I certainly wouldn't want to be the kitchen slave responsible for extracting all of those microscopic corn kernels. Clearly the job would seem less troublesome if I had imbibed mass quantities of the accompanying drink pairing, described to us by our server as a Basque cider (produced by Domaine Bordatto) made from 15 different heirloom apple varieties that are indigenous to the Pyrenees (at least I think that's what the producer's website said when conducting follow-up research - I can read a little French, but Basque, not so much). Most ciders I've had in my lifetime (that is to say, not many) have had some measure of sweetness to them - this one was not sweet, but earthy and funky (think barnyard), and a bit of a shock to my neophyte cider palate.

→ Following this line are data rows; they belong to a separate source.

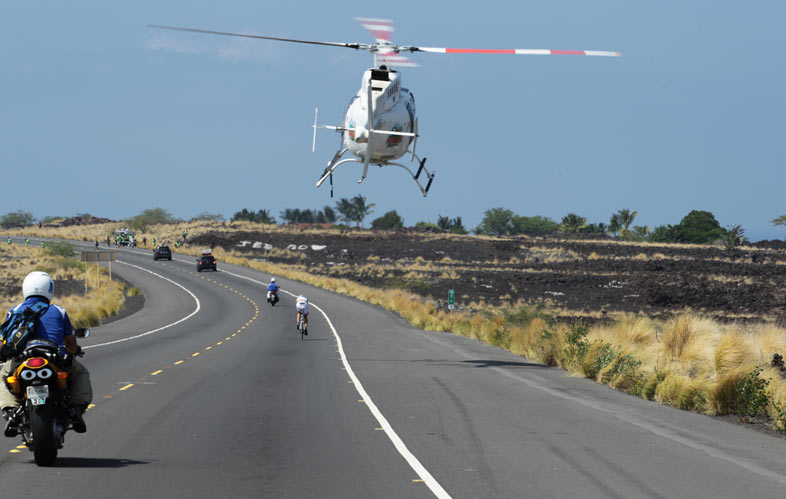 08:47 British triathlete Chrissie Wellington all alone on the lava way behind the leaders, a most unusual sight.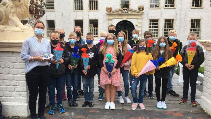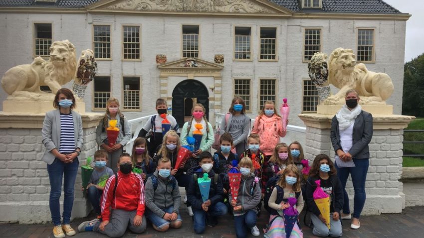 Nachdem die Paten der 10. Klasse die Schultüten übergeben hatten und die ersten Klassenfotos gemacht wurden, lernten die Schülerinnen und Schüler zusammen mit ihren Klassenlehrerinnen ihre Klassenräume und zukünftigen Mitschülerinnen kennen.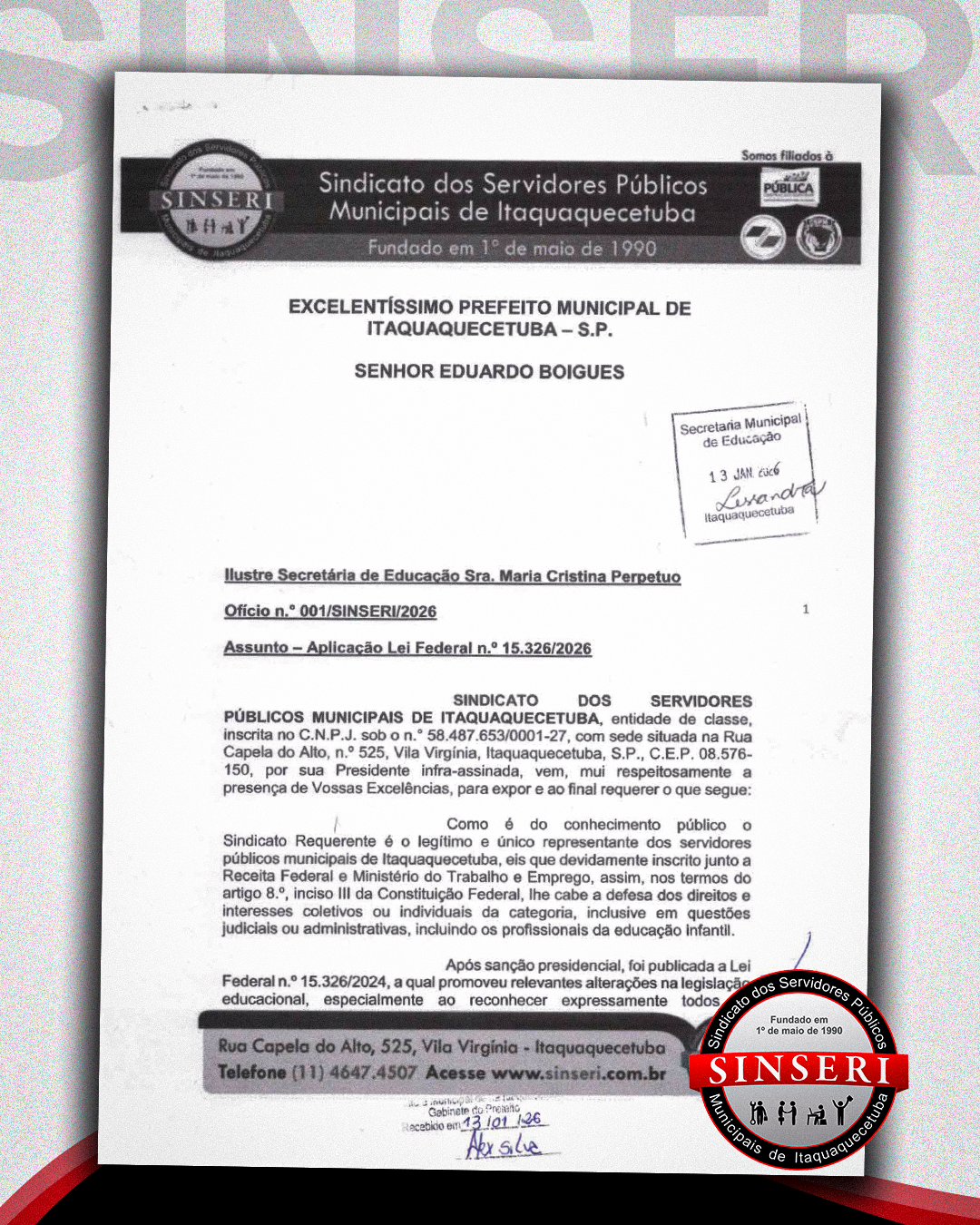 O Sinseri protocolou, nesta terça, 13 de janeiro, ofício junto à Prefeitura e Secretaria de Educação de Itaquaquecetuba requisitando a aplicação imediata da Lei nº 15.326/26. A normativa, recentemente sancionada, reconhece todos os profissionais da Educação Infantil como integrantes do Magistério, alinhando-se aos preceitos constitucionais e à Lei de Diretrizes e Bases da Educação Nacional. A medida visa assegurar direitos históricos e promover a valorização dessa essencial categoria.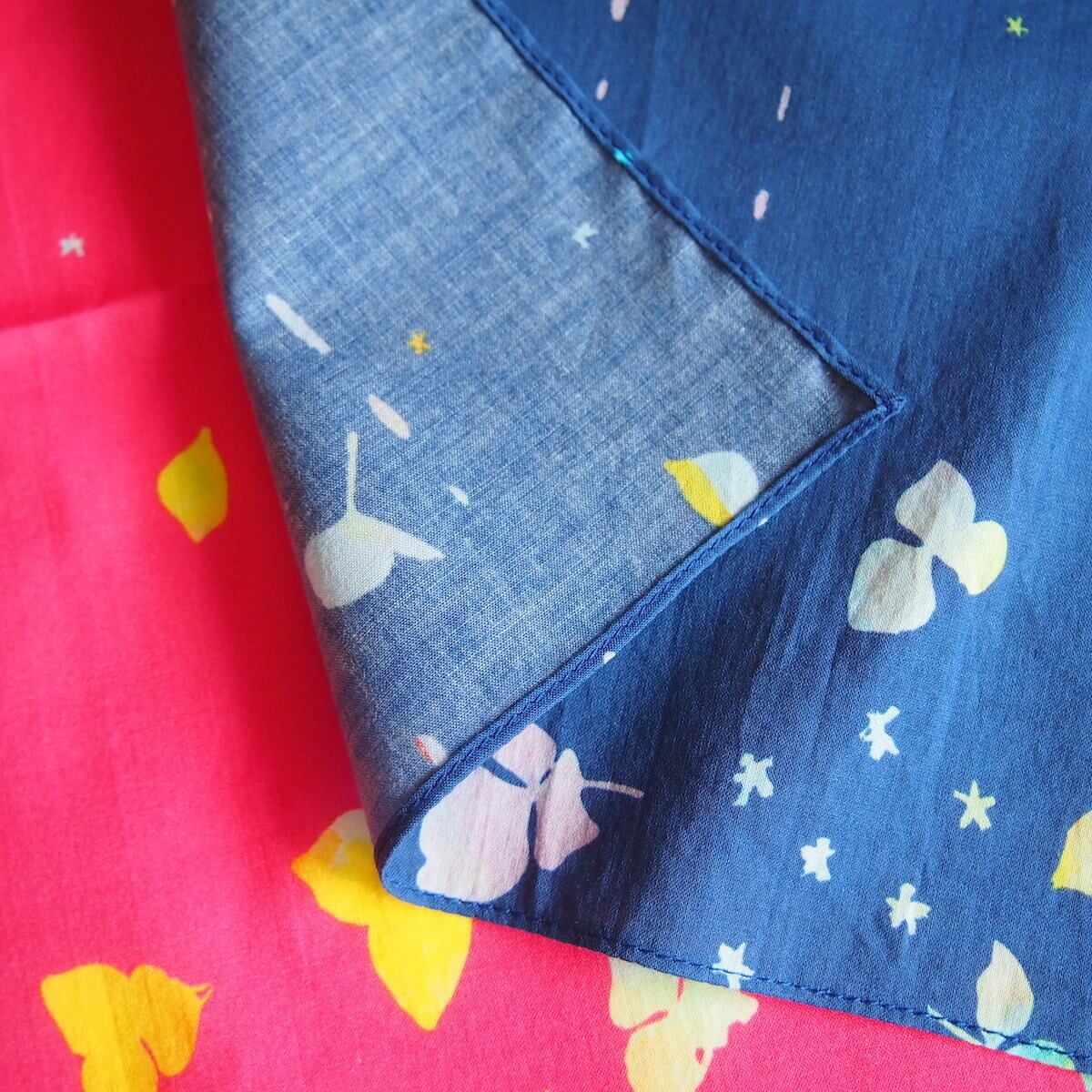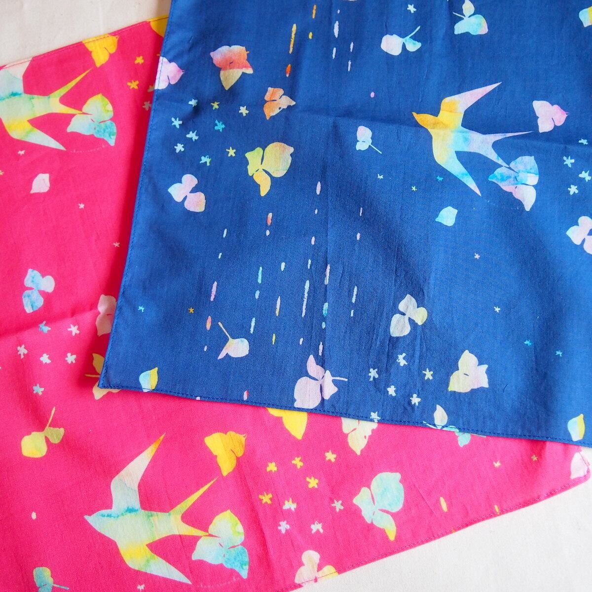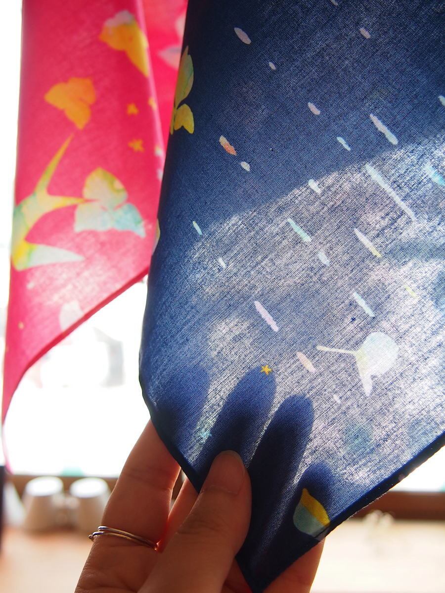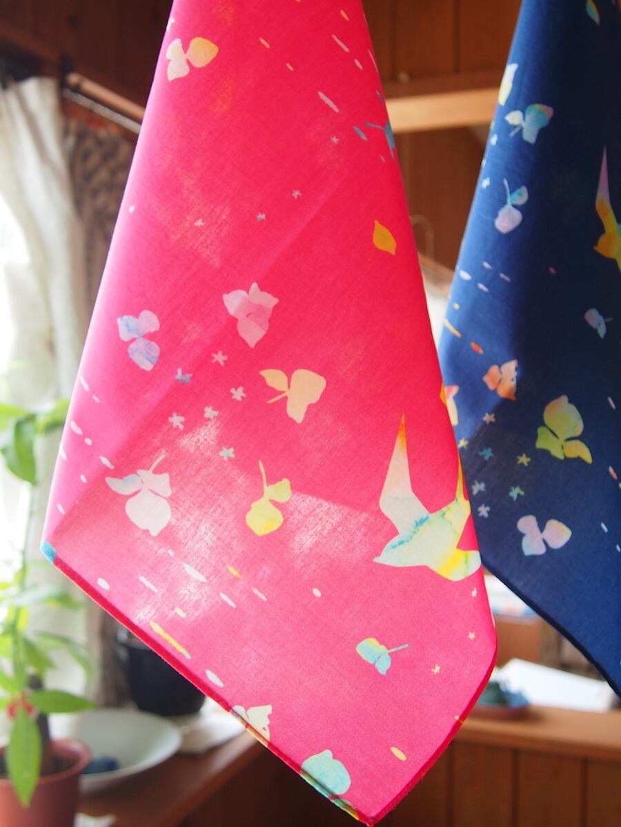 アカネイロワークスのデザインをプリントした生地でつくったハンカチです。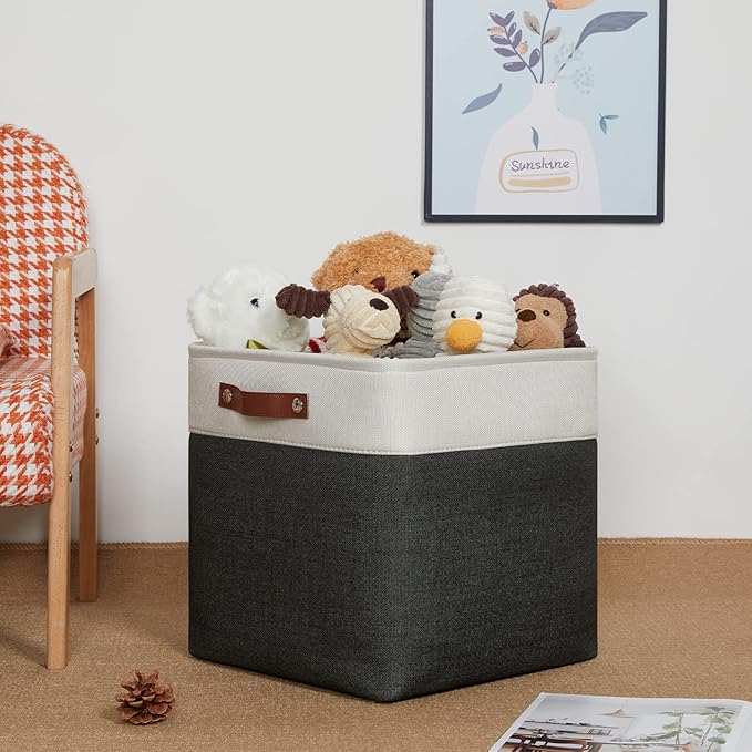 • 【Easy to Clean】These cube storage baskets are made from a sturdy fabric that seems very stain resistant. If they did get a stain, it is very easy to wash it off with a little bit of soap and water.

Our subsequent course was nothing short of spectacular, visually stunning and containing an incredible interplay of flavors: a mound of delicate cauliflower couscous surrounded by a circle of mixed herbs intended to be the "sauce" of the dish. I can't imagine how difficult it was to plate this and I can't begin to describe all of the different tastes I picked up (I know gingerbread dust was prominently featured). Perhaps the most amazing thing is how savory it all was without an ounce of meat anywhere, clearly the best vegetarian course I can ever recall eating.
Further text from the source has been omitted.